● EXERCISE GOAL: Skip the pictures. Repeat everything else in the records word for word.

● EXERCISE INPUT:
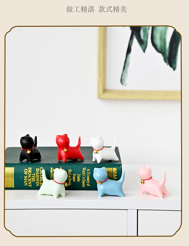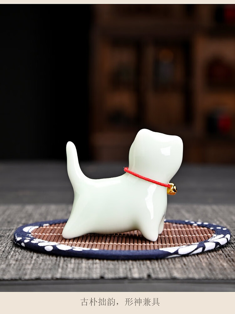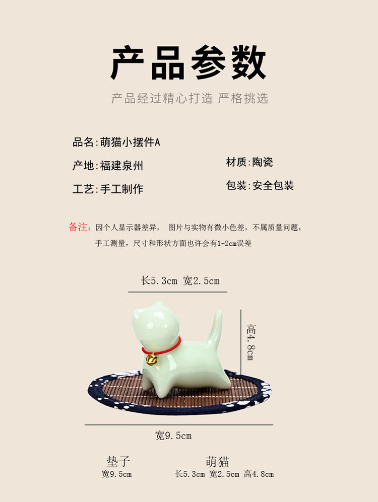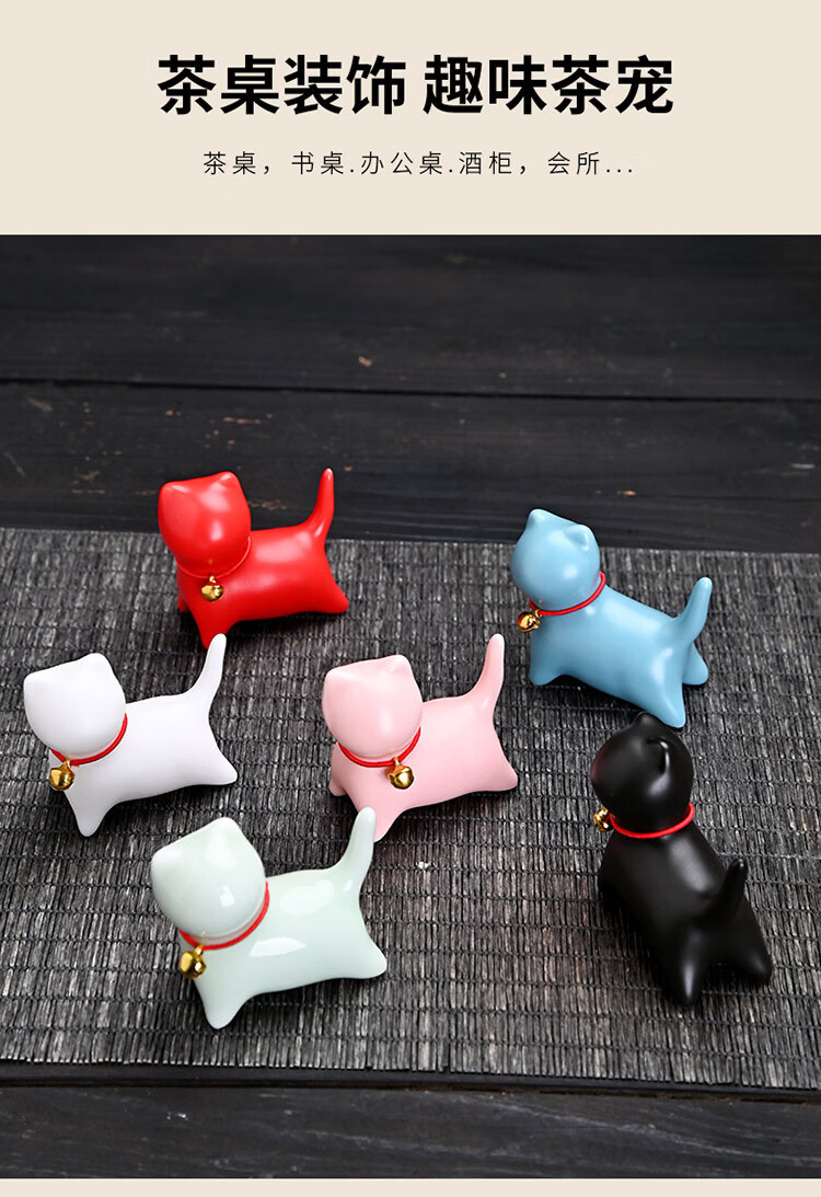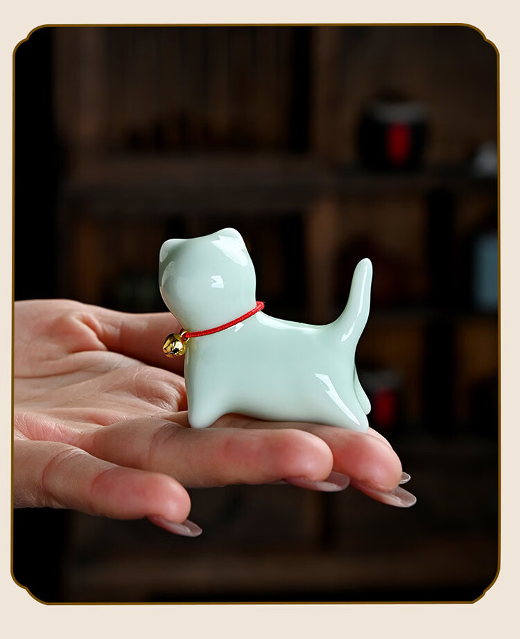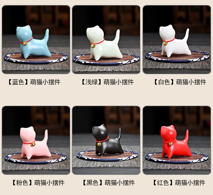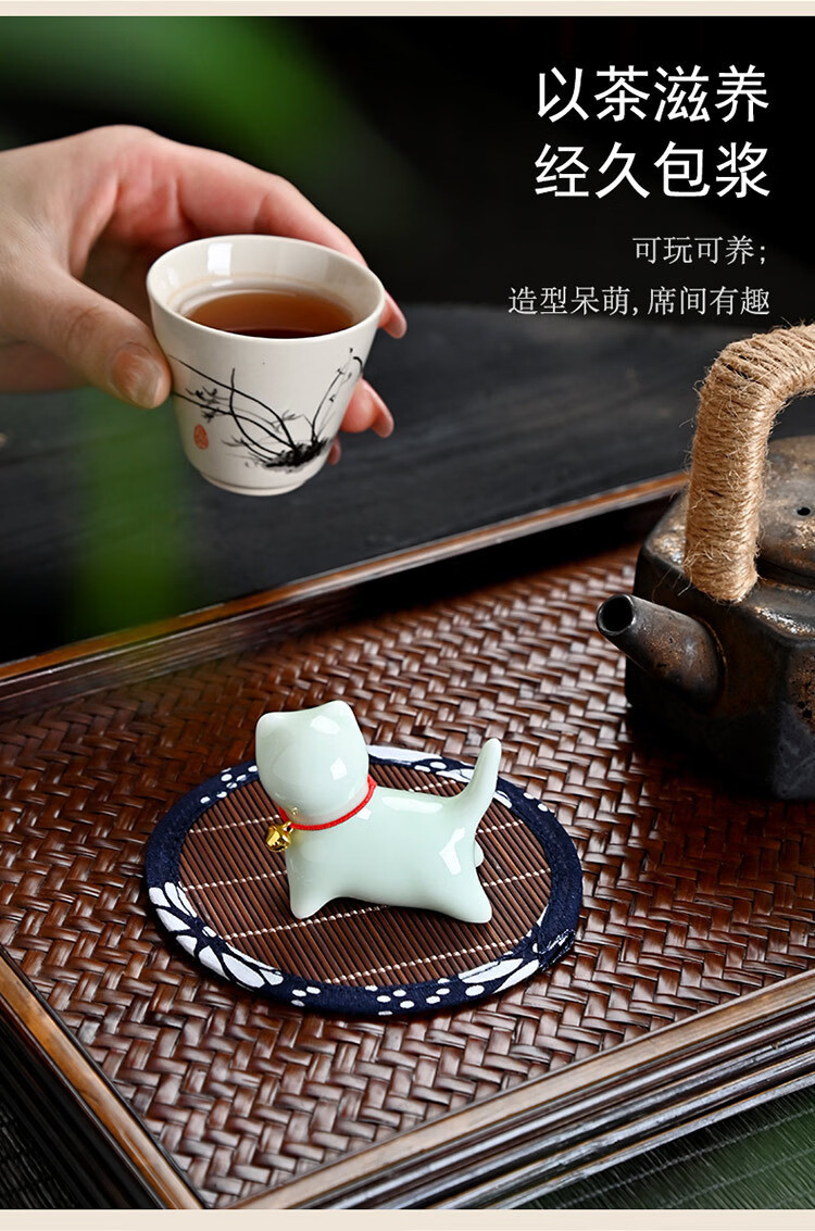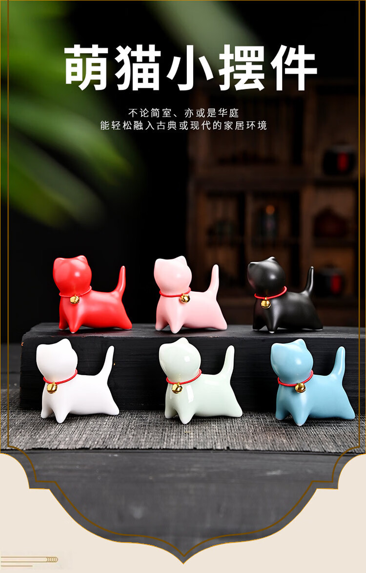 山头林村陶瓷可爱小猫咪摆件动物微景观茶宠室内桌面装饰茶具配件茶玩批发 萌猫摆件青色
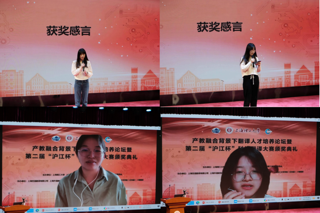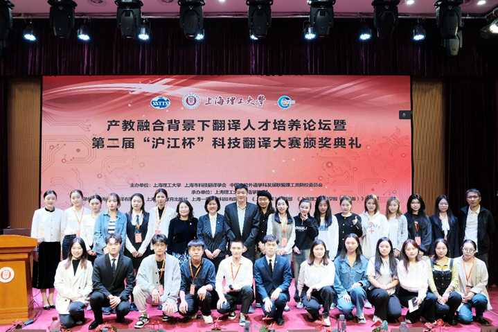 接着,第二届“沪江杯”科技翻译大赛颁奖典礼拉开帷幕。本次科技翻译大赛由beat365、上海市教委外国留学生世语实践基地、上海市科技翻译学会联合主办,beat365vip官网登录入口承办,上海世语翻译有限公司、上海外语教育出版社、上海一者信息科技有限公司、《上海翻译》编辑部以及《beat365vip官网登录入口学报(社会科学版)》编辑部联合协办。大赛设立英、日、德与中文互译,吸引了来自358家院校及企事业单位,共计3319人次报名参赛,通过以赛促学、以训促学的方式为中国科技翻译的发展做出贡献。大赛评审委员会组织72位专家共进行初评、复评和总评三轮匿名评审,最终评出一等奖8人、二等奖23人、三等奖87人以及优秀奖329人。beat365共有31名本科生和研究生同学获奖,其中beat365vip官网登录入口2022级日语笔译专业研究生王思嘉获得日译中组一等奖,2022级德语笔译专业研究生李沁瑶获得中译德组一等奖。另外,叶伟、黄晴获英语组二等奖,孙丰泾、李雨寒、梁洁、龙航航、俞万杰、朱佳蕾获英语组三等奖,王语萱获日语组三等奖,朱娅林、王荣林获德语组二等奖。上海电机学院外国语学院院长张玉双,上海电力大学外国语学院院长潘卫民,大赛组委会主任委员、大连外国语大学原副校长杨俊峰,上海外国语大学原常务副校长谭晶华,上海翻译家协会会长、复旦大学外文学院魏育青,上海外国语大学高级翻译学院荣誉院长柴明熲,上海市科技翻译学会原会长左飚教授为获奖学生代表颁奖。
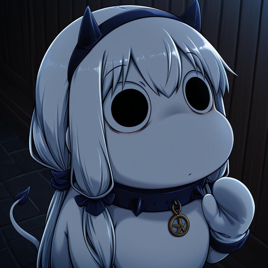 Muppo, kantai collection, 1girl, horns, tail, hair between eyes, solid circle pupils, long hair, sidelocks, collar, mittens, by artist kobamiso (kobalt), dark_illustrious
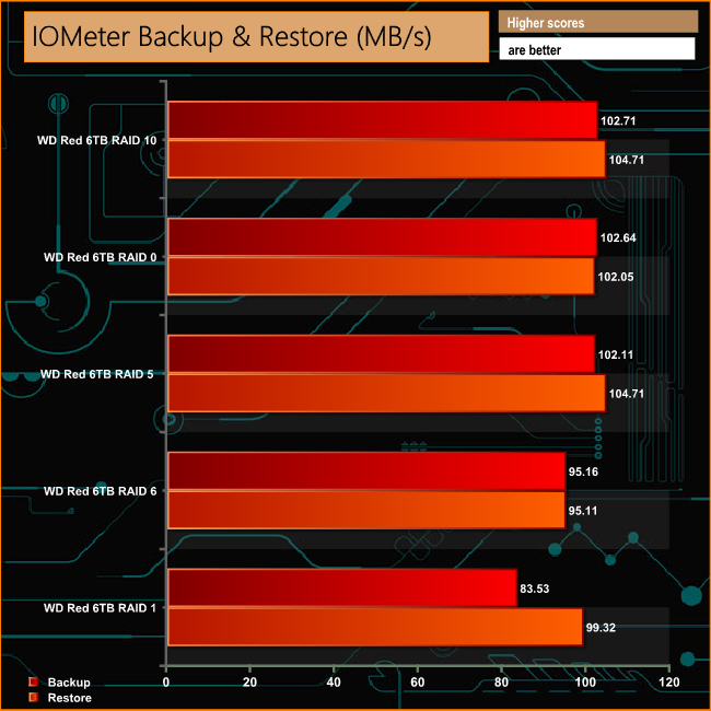 We set IOmeter up (as shown above) to test both backup and restore performance on a 100GB partition.
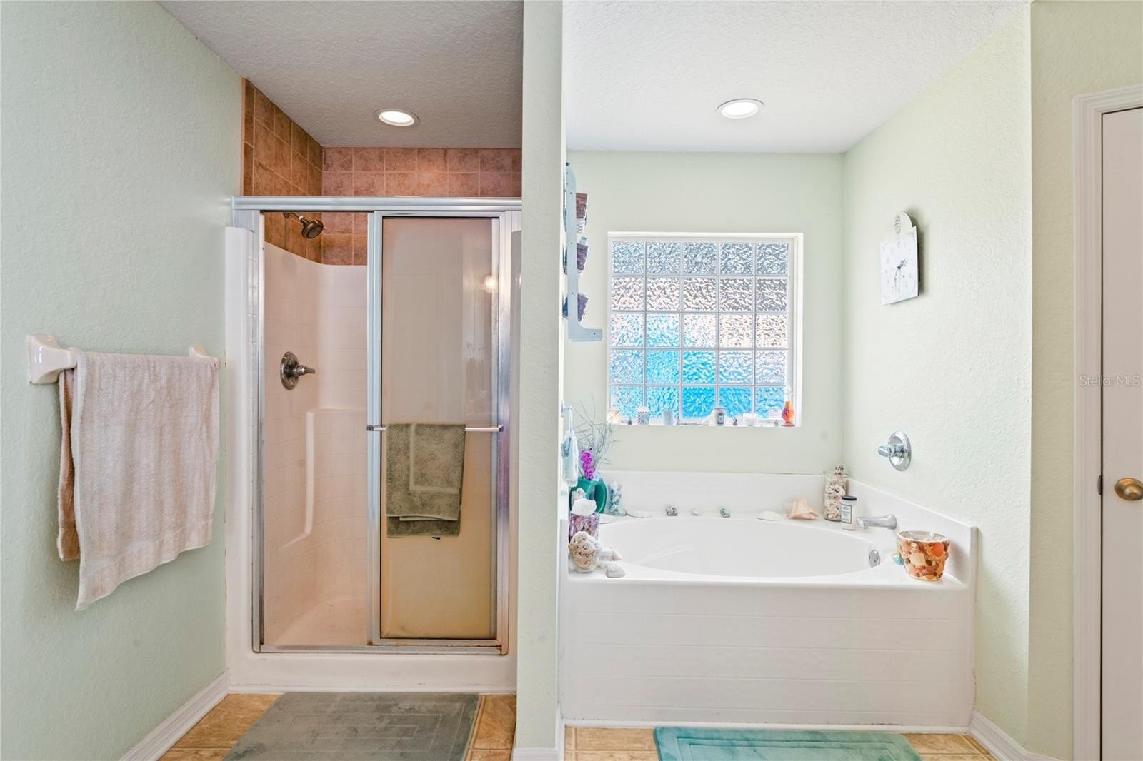 The primary suite is a true retreat with two walk-in closets, a relaxing garden tub, separate shower, dual sinks, and linen storage.
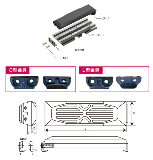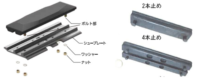 ○通常の縦止めボルトタイプ(2本止め、4本止め)の他にシュープレートに取付穴が無い
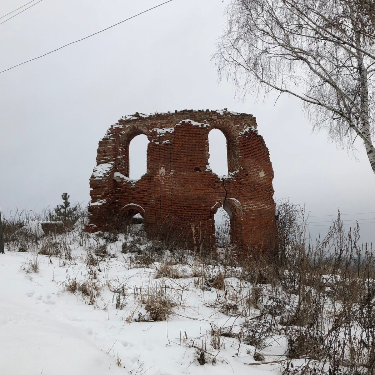 На живописном высоком берегу реки Оки в Тульской области стоит довольно крупное село Большое Хорошово. Раньше тут текла жизнь круглый год, сейчас, по-видимому, люди приезжают в село только летом. Когда я приехал зимой в Большое Хорошово, мне не удалось встретить никаких следов жизни: ни людей, ни машин, ни света в окнах не было. Только огромный заяц, выскочивший очень резко из-за здания, на секунду заставил уйти мое сердце в пятки. В село я приехал, чтобы сфотографировать старый храм Иоанна Дамаскина (начало XX века), который доживает свои последние годы. Церковь была выстроена на средства купца Ионкина. Архитектор храма неизвестен, как и точный год постройки. Храм стоит в самом центре села на возвышении. От него сейчас осталась всего одна стена. А еще 10 лет назад церковь была в куда лучшем состоянии: После обильных дождей в 2011 году, купол церкви и стены рухнули. С тех пор и стоит в трещинах всего одна стена некогда огромной церкви. Мне удалось найти несколько старых снимков хр
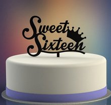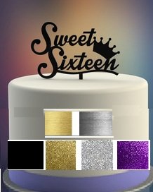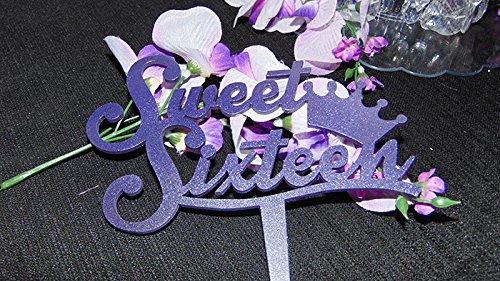 Sweet Sixteen 16 Happy Birthday Anniversary Acrylic Cake Topper Acrylic Cake Topper (Glittery Purple)
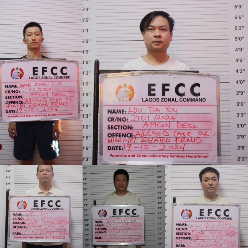 Justice Justice D. I. Dipeolu and Justice A. O. Faji of the Federal High Court sitting in Ikoyi, Lagos has convicted and sentenced six Chinese to one year imprisonment each for cyber-terrorism and internet fraud.
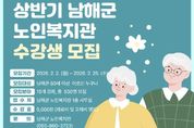 [경남도민뉴스=김부경 기자] 남해군 노인복지관은 2026년 상반기 프로그램 수강생을 2월 2일부터 25일까지 모집한다고 밝혔다. 상반기 프로그램은 평생교육 2강좌, 취미여가 11강좌, 건강증진 3강좌 등 총 15강좌로 구성됐으며, 3월 3일부터 6월 26일까지 운영된다. 세부적인 프로그램은 스마트폰교육, 노래교실, 고고장구반, 손발 마사지 등 다양한 교육이 준비되어 있으며 자세한 사항은 남해군 홈페이지에서 확인 가능하다. 수강생은 선착순으로 모집하며, 수강신청 인원 기준 미달시 해당 프로그램은 폐강된다. 수강료는 강좌당 5천원으로 교재비와 재료비는 별도다. 기초생활수급자, 국가유공자, 등록장애인은 무료이며 차상위계층은 수강료의 50%가 감면된다. 수강을 원하는 군내 60세 이상 어르신은 남해군 노인복지관(055-860-3723)으로 방문하시거나 팩스(Fax : 860-3725)로 신청하면 된다. 남해군 관계자는 “어르신들의 건강하고 활기찬 노후생활을 도모할 수 있도록 건강 증진, 평생교육, 취미생활 등의 다양한 분야별 프로그램를 마련했다”며 “준비한 프로그램 수강을 통하여 어르신들이 신체적·정신적으로 더

● RESULT OF THE TASK:
 山头林村陶瓷可爱小猫咪摆件动物微景观茶宠室内桌面装饰茶具配件茶玩批发 萌猫摆件青色
 接着,第二届“沪江杯”科技翻译大赛颁奖典礼拉开帷幕。本次科技翻译大赛由beat365、上海市教委外国留学生世语实践基地、上海市科技翻译学会联合主办,beat365vip官网登录入口承办,上海世语翻译有限公司、上海外语教育出版社、上海一者信息科技有限公司、《上海翻译》编辑部以及《beat365vip官网登录入口学报(社会科学版)》编辑部联合协办。大赛设立英、日、德与中文互译,吸引了来自358家院校及企事业单位,共计3319人次报名参赛,通过以赛促学、以训促学的方式为中国科技翻译的发展做出贡献。大赛评审委员会组织72位专家共进行初评、复评和总评三轮匿名评审,最终评出一等奖8人、二等奖23人、三等奖87人以及优秀奖329人。beat365共有31名本科生和研究生同学获奖,其中beat365vip官网登录入口2022级日语笔译专业研究生王思嘉获得日译中组一等奖,2022级德语笔译专业研究生李沁瑶获得中译德组一等奖。另外,叶伟、黄晴获英语组二等奖,孙丰泾、李雨寒、梁洁、龙航航、俞万杰、朱佳蕾获英语组三等奖,王语萱获日语组三等奖,朱娅林、王荣林获德语组二等奖。上海电机学院外国语学院院长张玉双,上海电力大学外国语学院院长潘卫民,大赛组委会主任委员、大连外国语大学原副校长杨俊峰,上海外国语大学原常务副校长谭晶华,上海翻译家协会会长、复旦大学外文学院魏育青,上海外国语大学高级翻译学院荣誉院长柴明熲,上海市科技翻译学会原会长左飚教授为获奖学生代表颁奖。
 Muppo, kantai collection, 1girl, horns, tail, hair between eyes, solid circle pupils, long hair, sidelocks, collar, mittens, by artist kobamiso (kobalt), dark_illustrious
 We set IOmeter up (as shown above) to test both backup and restore performance on a 100GB partition.
 The primary suite is a true retreat with two walk-in closets, a relaxing garden tub, separate shower, dual sinks, and linen storage.
 ○通常の縦止めボルトタイプ(2本止め、4本止め)の他にシュープレートに取付穴が無い
 На живописном высоком берегу реки Оки в Тульской области стоит довольно крупное село Большое Хорошово. Раньше тут текла жизнь круглый год, сейчас, по-видимому, люди приезжают в село только летом. Когда я приехал зимой в Большое Хорошово, мне не удалось встретить никаких следов жизни: ни людей, ни машин, ни света в окнах не было. Только огромный заяц, выскочивший очень резко из-за здания, на секунду заставил уйти мое сердце в пятки. В село я приехал, чтобы сфотографировать старый храм Иоанна Дамаскина (начало XX века), который доживает свои последние годы. Церковь была выстроена на средства купца Ионкина. Архитектор храма неизвестен, как и точный год постройки. Храм стоит в самом центре села на возвышении. От него сейчас осталась всего одна стена. А еще 10 лет назад церковь была в куда лучшем состоянии: После обильных дождей в 2011 году, купол церкви и стены рухнули. С тех пор и стоит в трещинах всего одна стена некогда огромной церкви. Мне удалось найти несколько старых снимков хр
 Sweet Sixteen 16 Happy Birthday Anniversary Acrylic Cake Topper Acrylic Cake Topper (Glittery Purple)
 Justice Justice D. I. Dipeolu and Justice A. O. Faji of the Federal High Court sitting in Ikoyi, Lagos has convicted and sentenced six Chinese to one year imprisonment each for cyber-terrorism and internet fraud.
 [경남도민뉴스=김부경 기자] 남해군 노인복지관은 2026년 상반기 프로그램 수강생을 2월 2일부터 25일까지 모집한다고 밝혔다. 상반기 프로그램은 평생교육 2강좌, 취미여가 11강좌, 건강증진 3강좌 등 총 15강좌로 구성됐으며, 3월 3일부터 6월 26일까지 운영된다. 세부적인 프로그램은 스마트폰교육, 노래교실, 고고장구반, 손발 마사지 등 다양한 교육이 준비되어 있으며 자세한 사항은 남해군 홈페이지에서 확인 가능하다. 수강생은 선착순으로 모집하며, 수강신청 인원 기준 미달시 해당 프로그램은 폐강된다. 수강료는 강좌당 5천원으로 교재비와 재료비는 별도다. 기초생활수급자, 국가유공자, 등록장애인은 무료이며 차상위계층은 수강료의 50%가 감면된다. 수강을 원하는 군내 60세 이상 어르신은 남해군 노인복지관(055-860-3723)으로 방문하시거나 팩스(Fax : 860-3725)로 신청하면 된다. 남해군 관계자는 “어르신들의 건강하고 활기찬 노후생활을 도모할 수 있도록 건강 증진, 평생교육, 취미생활 등의 다양한 분야별 프로그램를 마련했다”며 “준비한 프로그램 수강을 통하여 어르신들이 신체적·정신적으로 더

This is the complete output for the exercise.